As operadoras do porto de Santos no centro da polêmica reagiram ao parecer do Cade. A A.P. Moller-Maersk, por meio de comunicado, afirma que o parecer está alinhado a recentes decisões do Cade e aos entendimentos já manifestados por outros órgãos da Administração Pública “de que não há fundamentos que justifiquem a exclusão de operadores incumbentes ou verticalizados do leilão do Tecon Santos 10”.

“Conforme o próprio documento, tais restrições ‘violariam a proporcionalidade’ e o simples apontamento de riscos ‘não permite confirmar que se materializariam’”, diz a nota.

A Santos Brasil (CGA CGM), outra grande operadora do porto, também por meio de nota, observa que a discussão sobre o modelo do edital do Tecon 10 é técnica e envolve órgãos reguladores que têm um histórico relevante na definição de modelagens e decisões em situações semelhantes. “A empresa espera que o certame ocorra sem disputas judiciais, confirmando a eficiência do sistema regulatório brasileiro.”

A ICTSI, operadora de origem filipina que havia protocolado representação no Cade e no TCU defendendo a restrição, elogiou o parecer. “A ICTSI considera que a manifestação do Cade se apoia em bases técnicas e jurisprudência consolidada, respeitando as competências da Antaq e decisões de política pública”, diz a nota da empresa.

Os próximos passos do processo podem trazer novas surpresas.
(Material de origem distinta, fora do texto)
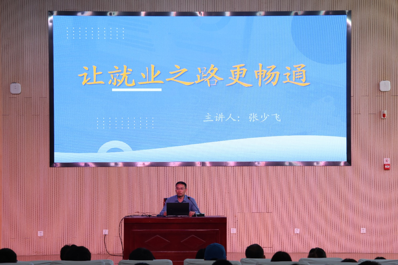 张少飞以《让就业之路更畅通》为主题,运用精准数据,直观呈现了当下的就业现状,深入剖析了毕业生总量攀升、行业需求分化等形势。他强调,就业是永恒的课题,个体奋斗应当与强国征程同频共振。此外,张少飞还为同学们提供了珍贵的职业规划建议与就业指引,鼓励同学们将个人发展与国家需求紧密融合,在国家战略需求建设中贡献自身力量。讲座最后,张少飞向同学们提出三点希望:一是强化心态建设,乐观应对挑战;二是重视强身健体,筑牢健康根基;三是提升服务意识,在奉献中实现价值。

O ministro Anastasia, relator do caso no TCU, vai aguardar até sexta, 26 de setembro, a manifestação do Ministério dos Portos e da Antaq sobre o parecer do Cade.

Com os dois documentos em mãos, Anastasia encaminhará o material ao Ministério Público Federal, que também solicitou participação no processo. Após análise, o MPF devolverá sua manifestação ao relator, permitindo que Anastasia inicie a elaboração de seu voto.

Concluído o voto, o ministro convocará a reunião do colegiado do TCU para deliberar sobre o caso. A decisão do tribunal, no entanto, terá caráter orientativo — não vinculativo — e poderá ser adotada ou não pela Antaq.